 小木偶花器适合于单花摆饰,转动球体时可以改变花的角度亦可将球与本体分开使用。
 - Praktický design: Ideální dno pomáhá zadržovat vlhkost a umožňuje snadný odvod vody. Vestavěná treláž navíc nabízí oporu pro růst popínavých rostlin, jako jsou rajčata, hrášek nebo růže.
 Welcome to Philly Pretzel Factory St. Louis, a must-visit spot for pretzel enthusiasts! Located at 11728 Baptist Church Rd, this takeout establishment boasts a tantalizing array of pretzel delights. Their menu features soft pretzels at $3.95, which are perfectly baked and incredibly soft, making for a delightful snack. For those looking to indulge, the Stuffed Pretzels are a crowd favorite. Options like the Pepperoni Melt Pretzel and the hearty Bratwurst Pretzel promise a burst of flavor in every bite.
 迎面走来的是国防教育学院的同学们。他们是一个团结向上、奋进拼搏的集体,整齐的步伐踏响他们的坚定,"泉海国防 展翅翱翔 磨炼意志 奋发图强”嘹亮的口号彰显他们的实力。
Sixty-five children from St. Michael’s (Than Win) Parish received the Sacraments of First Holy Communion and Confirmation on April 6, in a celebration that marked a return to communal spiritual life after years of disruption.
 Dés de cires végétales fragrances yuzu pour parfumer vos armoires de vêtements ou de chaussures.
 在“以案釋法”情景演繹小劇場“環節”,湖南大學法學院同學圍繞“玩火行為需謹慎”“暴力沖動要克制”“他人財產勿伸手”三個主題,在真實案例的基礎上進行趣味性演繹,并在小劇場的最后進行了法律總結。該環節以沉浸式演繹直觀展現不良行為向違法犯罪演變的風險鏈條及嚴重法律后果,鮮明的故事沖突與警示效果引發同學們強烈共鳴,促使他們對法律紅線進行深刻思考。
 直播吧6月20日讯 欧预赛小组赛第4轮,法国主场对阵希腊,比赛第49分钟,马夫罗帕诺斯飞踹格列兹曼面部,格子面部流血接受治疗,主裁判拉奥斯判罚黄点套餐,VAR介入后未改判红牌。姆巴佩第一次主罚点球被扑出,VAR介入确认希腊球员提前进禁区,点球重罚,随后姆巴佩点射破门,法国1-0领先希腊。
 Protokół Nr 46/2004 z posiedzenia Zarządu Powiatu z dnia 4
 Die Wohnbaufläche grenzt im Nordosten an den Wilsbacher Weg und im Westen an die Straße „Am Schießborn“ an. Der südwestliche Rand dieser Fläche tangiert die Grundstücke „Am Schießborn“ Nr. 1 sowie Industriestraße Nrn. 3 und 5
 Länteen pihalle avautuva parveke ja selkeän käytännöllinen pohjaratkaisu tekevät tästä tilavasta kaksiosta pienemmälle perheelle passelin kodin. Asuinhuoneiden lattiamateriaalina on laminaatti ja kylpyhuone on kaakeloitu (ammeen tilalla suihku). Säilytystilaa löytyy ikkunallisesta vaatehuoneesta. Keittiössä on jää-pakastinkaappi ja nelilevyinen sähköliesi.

* * *

Write out only the lines from the one containing "Welcome to Philly" through the end of the listing above, exactly as they stand.

 Welcome to Philly Pretzel Factory St. Louis, a must-visit spot for pretzel enthusiasts! Located at 11728 Baptist Church Rd, this takeout establishment boasts a tantalizing array of pretzel delights. Their menu features soft pretzels at $3.95, which are perfectly baked and incredibly soft, making for a delightful snack. For those looking to indulge, the Stuffed Pretzels are a crowd favorite. Options like the Pepperoni Melt Pretzel and the hearty Bratwurst Pretzel promise a burst of flavor in every bite.
 迎面走来的是国防教育学院的同学们。他们是一个团结向上、奋进拼搏的集体,整齐的步伐踏响他们的坚定,"泉海国防 展翅翱翔 磨炼意志 奋发图强”嘹亮的口号彰显他们的实力。
Sixty-five children from St. Michael’s (Than Win) Parish received the Sacraments of First Holy Communion and Confirmation on April 6, in a celebration that marked a return to communal spiritual life after years of disruption.
 Dés de cires végétales fragrances yuzu pour parfumer vos armoires de vêtements ou de chaussures.
 在“以案釋法”情景演繹小劇場“環節”,湖南大學法學院同學圍繞“玩火行為需謹慎”“暴力沖動要克制”“他人財產勿伸手”三個主題,在真實案例的基礎上進行趣味性演繹,并在小劇場的最后進行了法律總結。該環節以沉浸式演繹直觀展現不良行為向違法犯罪演變的風險鏈條及嚴重法律后果,鮮明的故事沖突與警示效果引發同學們強烈共鳴,促使他們對法律紅線進行深刻思考。
 直播吧6月20日讯 欧预赛小组赛第4轮,法国主场对阵希腊,比赛第49分钟,马夫罗帕诺斯飞踹格列兹曼面部,格子面部流血接受治疗,主裁判拉奥斯判罚黄点套餐,VAR介入后未改判红牌。姆巴佩第一次主罚点球被扑出,VAR介入确认希腊球员提前进禁区,点球重罚,随后姆巴佩点射破门,法国1-0领先希腊。
 Protokół Nr 46/2004 z posiedzenia Zarządu Powiatu z dnia 4
 Die Wohnbaufläche grenzt im Nordosten an den Wilsbacher Weg und im Westen an die Straße „Am Schießborn“ an. Der südwestliche Rand dieser Fläche tangiert die Grundstücke „Am Schießborn“ Nr. 1 sowie Industriestraße Nrn. 3 und 5
 Länteen pihalle avautuva parveke ja selkeän käytännöllinen pohjaratkaisu tekevät tästä tilavasta kaksiosta pienemmälle perheelle passelin kodin. Asuinhuoneiden lattiamateriaalina on laminaatti ja kylpyhuone on kaakeloitu (ammeen tilalla suihku). Säilytystilaa löytyy ikkunallisesta vaatehuoneesta. Keittiössä on jää-pakastinkaappi ja nelilevyinen sähköliesi.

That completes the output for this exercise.